Un compost en hiver, c’est souvent le moment où l’on doute : ça ne chauffe plus, ça semble « figé », et on craint les odeurs. Bonne nouvelle : la plupart des problèmes viennent de deux réglages faciles, pas du froid lui-même. — FAO
Pour des repères de base, on peut partir des ressources de ADEME et de guides pratiques de compostage à domicile, comme ceux proposés par l’EPA, qui rappellent les principes universels du mélange et de l’aération.
En hiver, on produit souvent plus de déchets humides (épluchures, restes de cuisine). Si tu ajoutes du « vert » sans matière sèche, tu crées une masse compacte, humide, qui fermente mal et peut sentir.
Le geste qui change tout : chaque apport de cuisine est recouvert d’une couche de « brun » (feuilles mortes, broyat, carton brun non imprimé, sciure propre). Des repères de bonnes pratiques sont régulièrement relayés via des réseaux comme Réseau Compost Citoyen.
Si ton compost est déjà trop humide, ajoute du brun en quantité, mélange doucement, et laisse respirer. Le froid ralentit la décomposition, mais l’équilibre des matières reste ton meilleur levier.

Les nuisibles viennent surtout quand la nourriture est accessible et que ça sent fort. Enterrer les apports et couvrir de brun réduit fortement l’attraction. Un couvercle ou une protection adaptée aide aussi, surtout en zone urbaine.
Pour l’aération : un brassage léger toutes les une à deux semaines suffit. Si c’est une masse lourde et collante, c’est un signal : manque de brun et manque d’air. Des collectivités publient aussi des conseils simples sur leurs portails environnement, et tu peux trouver des repères généraux sur Ministère de la Transition écologique.
Pour l’humidité, pense « éponge essorée ». Trop sec : ça se bloque. Trop humide : ça anaérobie. Le bon niveau se vérifie à la main avec des gants, sans chercher la perfection.

Si ça sent : ajoute du brun, mélange, et laisse respirer.
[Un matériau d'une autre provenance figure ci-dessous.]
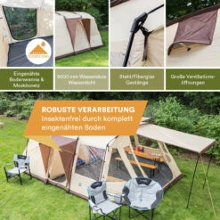 - Viele praktische Extras wie ein Haken für Campinglampen, Kabeldurchführung und Organizer-Taschen
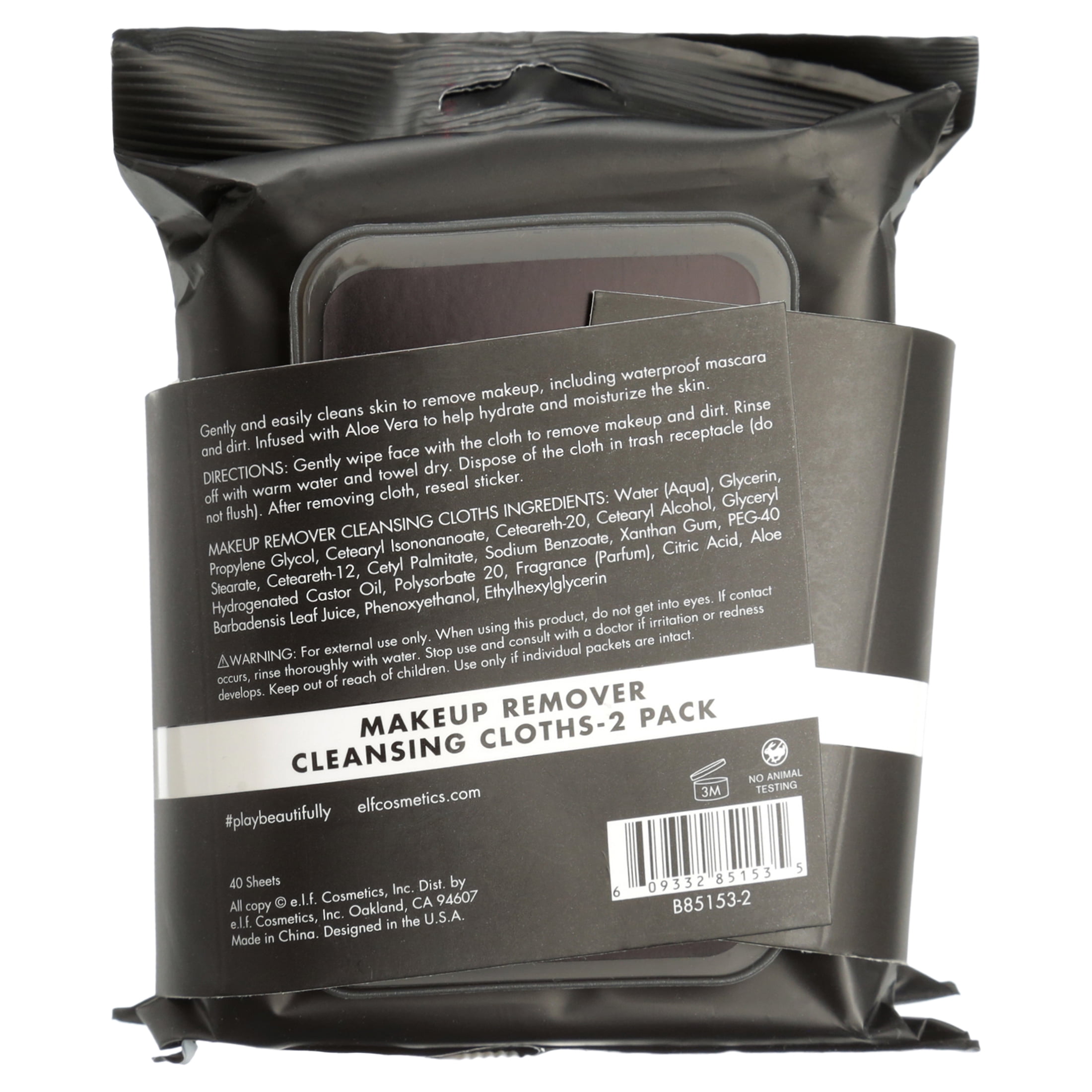 Gently and easily clean skin removing makeup and dirt with e.l.f. Makeup Remover Cleansing Cloths ? 2 Pack. Infused with Aloe and Vitamin E to nourish and hydrate, wipes leave skin refreshed and smooth.

Si c’est trop sec : ajoute un peu de vert ou un léger arrosage, puis couvre de brun. Si tu vois beaucoup de moucherons : enterre mieux les apports et couvre systématiquement.
Un compost d’hiver peut rester « tiède » et lent, c’est normal. Ce qui compte, c’est la régularité des apports et la stabilité du mélange, pas une montée en température spectaculaire.
Pour aller plus loin côté prévention des déchets et gestes utiles, tu peux aussi t’appuyer sur les ressources pédagogiques de Zero Waste France et garder une règle simple : brun, air, couverture, et patience.